Why Is It Always Hundreds More Apartments?
Back in 2015, when asked whether the County's preference for mixed-use infill development of the Howe 'Bout Arden site was a consideration, the developer insisted that the site at the eastern end of Arden Fair Mall was unfit for residential use. People would never want to live there, the community was told. Even though the site was close to shops and downtown Sacramento, only commercial uses would work there. And, of course, Sacramento County hastened to agree. At about the same time, the Sacramento Inn was torn down at the other end of Arden Fair, in the City of Sacramento. The Business Journal bubbled and gushed about the potential for the Sacramento Inn site to fulfill the demand for market-rate housing close to shops and downtown Sacramento. That was a refreshing prospect, given the over-abundance of apartments and rental units we already have around here. Might we get some owner-occupied residences? A McKinley Village clone, perhaps?

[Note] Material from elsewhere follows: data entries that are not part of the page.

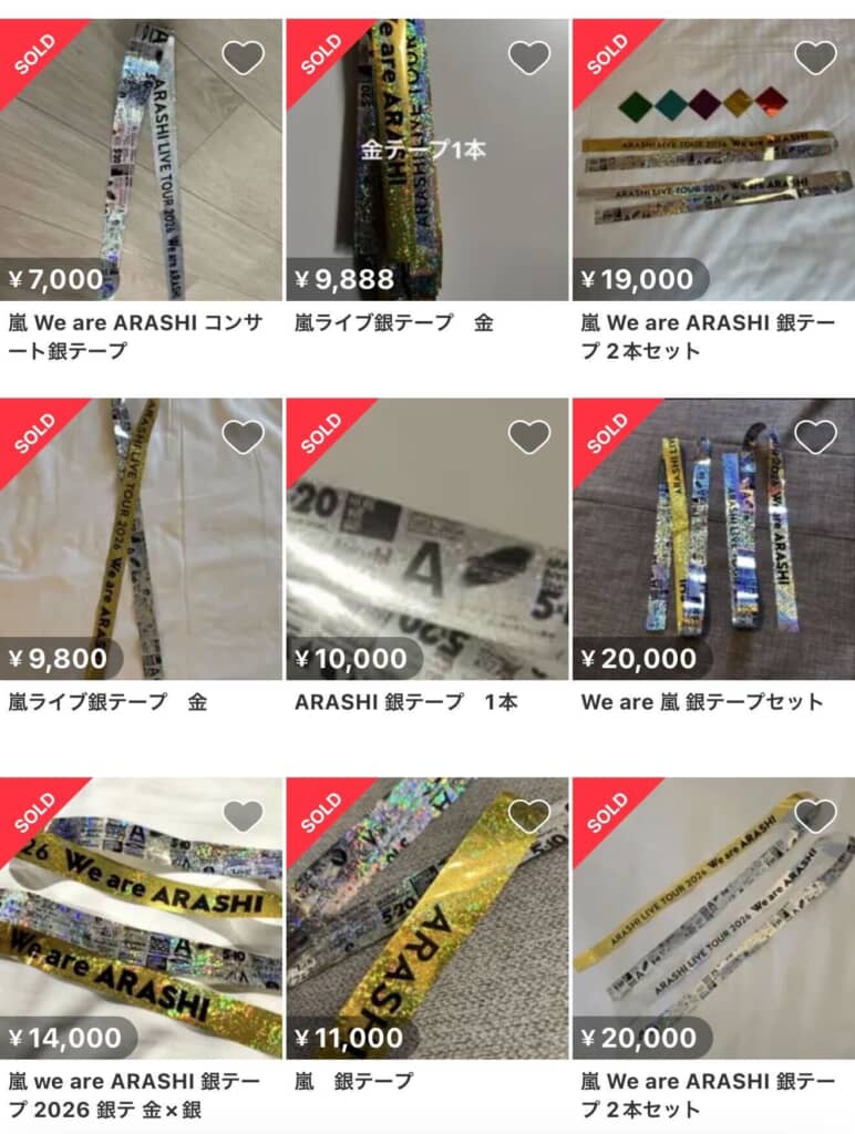 「ARASHI LIVE TOUR 2026」などと記された記念テープは、平均的に1本約1万円~2万円前後、中には4万円近くで売買されているケースも確認されています。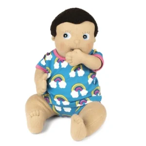 Con pelle chiara e capelli castani, Baby Morra è alta 45 cm e pesa 600 grammi, dimensioni ideali per le manine dei più piccoli. La bambola è realizzata con cotone biologico certificato OCS e imbottitura in poliestere riciclato certificato GRS, garantendo qualità, sostenibilità e attenzione all’ambiente.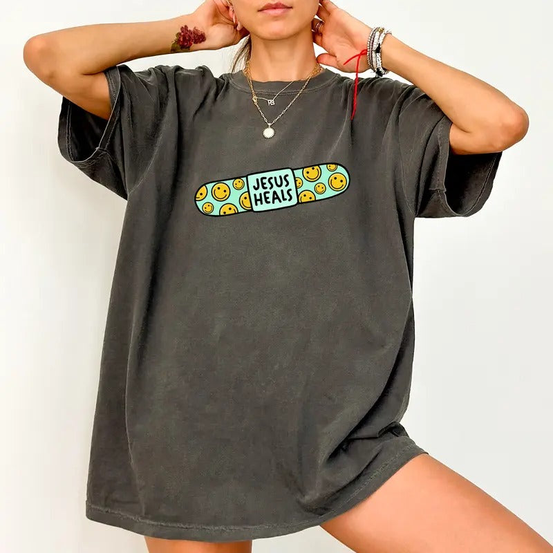 Jesus Heals Comfort Colors Shirt, Spiritual Unisex Graphic Tee, God Heals T-Shirt, Christian Gift Idea, Religious Clothing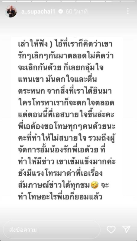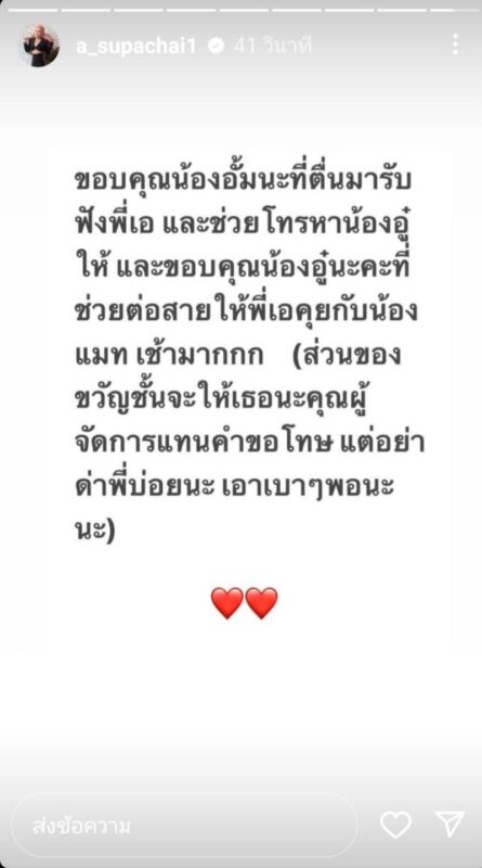 หลังจากนั้น พี่เอ ศุภชัย ก็ไม่ได้นิ่ งนอนใจ ติดต่อไปยังสาว แมท เพื่อขอโท ษและปรั บความเข้าใจกัน ซึ่งมีร ายละเอี ยด ดั งนี้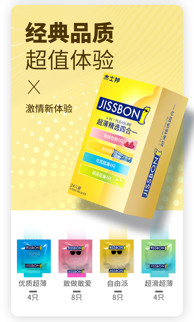 阿里健康大药房,倒数第3款34只售价199元,可领180元优惠券,实付19元到手,这款套装款属于杰士邦品牌超薄系列的活动产品,单件包含:超薄精选四合一24只+三合一6只+超薄沁润4只。采用进口天然乳胶,添加有适量医用水润润滑剂,无香型,带有储精囊。保密发货,品质靠谱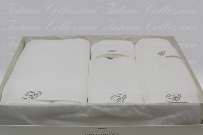 Set 5 pezzi composto da: n.2 viso (cm60x110) + n.2 ospite (cm40x60) + n.1 telo doccia (cm100x150)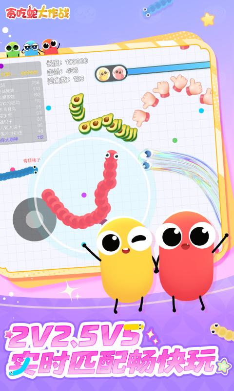 这是一款超好玩的休闲竞技游戏,不仅比拼手速,更考验你的策略!在贪吃蛇大作战的世界中,每个人在初始都化身为一条小蛇,通过不断努力变得越来越长,制霸一方!真人对战,新一代电竞手游,大神带队妹子多多!组团开黑,超畅快激情团战,随时三杀暴走超神!贪吃蛇大作战,这是一个有毒的游戏!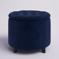 Velvet Tufted Royal Blue Rounded Shaped Storage Ottoman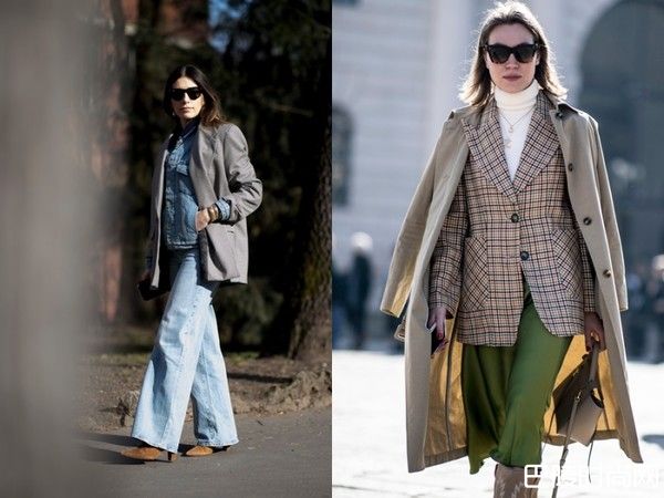 有别于规规矩矩的穿搭,像是成套牛仔装束搭配上西装外装,同样吸睛度十度。还有多层次的穿搭,白色高领毛衣、缎面半裙加上格纹西装外套最后再披上风衣大衣,这款细格纹的西装外套变成穿搭的重心。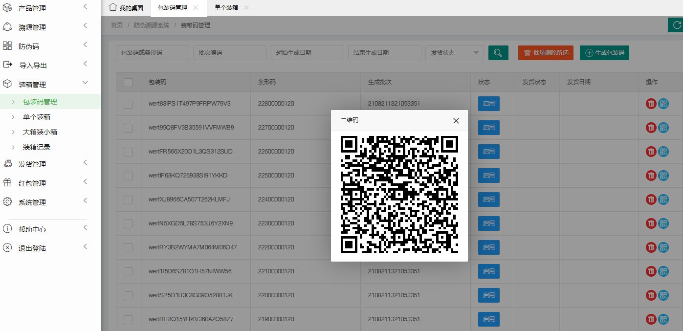 3.成功創(chuàng)建一批包裝碼,可以根據(jù)包裝碼,條形碼,生產(chǎn)批次,創(chuàng)建時間,和發(fā)貨狀態(tài)等條件進(jìn)行搜索。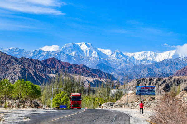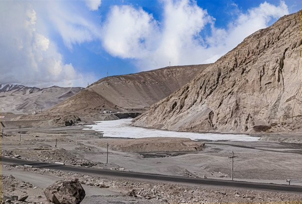这是一条连接 中国 西部与 巴基斯坦 的公路,全长1032公里,其中 中国 境内416公里, 巴基斯坦 境内616公里。英文简称为KKH,被称为“世界第八大奇迹”。 经过中巴边境口岸红其拉甫山口,南至 巴基斯坦 北部城市塔科特,然后直达 伊斯兰堡 。车行进在海拔三千多米的盖孜峡谷中。 喀喇昆仑公路象一条玉带,沿着盖孜河在盖孜峡谷中穿梭着,眼前的景色又变成了绵延不绝的荒山雪岭。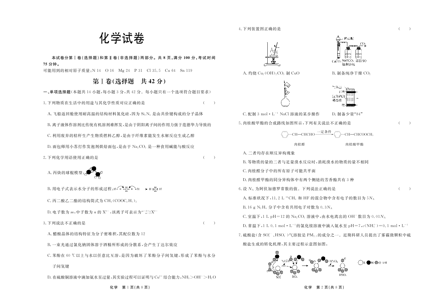 河北省承德市部分高中2023-2024学年高三上学期12月期中考试 化学

Well, no. Here we are in the summer of 2018 and, wouldn't you know it, the Sacramento Inn site is now going to bless us all with more apartments -- over 730 of them, referred to in a Sacramento Bee article as one of the largest apartment complexes in the region. The article says the apartments will target young professionals who want an easy commute to jobs in downtown Sacramento. Maybe so...or maybe not, for, as CBS13 reported the other day, the project might lead to a lot more traffic in the area. And that's not hard to imagine, given that the primary access to the site is through the parking lot at the Sears end of the mall. The vicinity, whether on the unincorporated County side or the incorporated City of Sacramento side, has attracted homeless encampments and panhandlers, is deeply auto-dependent, has inadequate public transportation and is seriously neither pedestrian-friendly nor bicycle-friendly. The nearby neighborhoods are largely devoid of civic amenities. Still, the developer -- who also owns the mall -- is confident that proximity to the shops will lure upwardly-mobile residents to the new apartments. Whether the City of Sacramento will see fit to enhance the area, or just settle for the equivalent of a gated apartment complex, is yet unknown.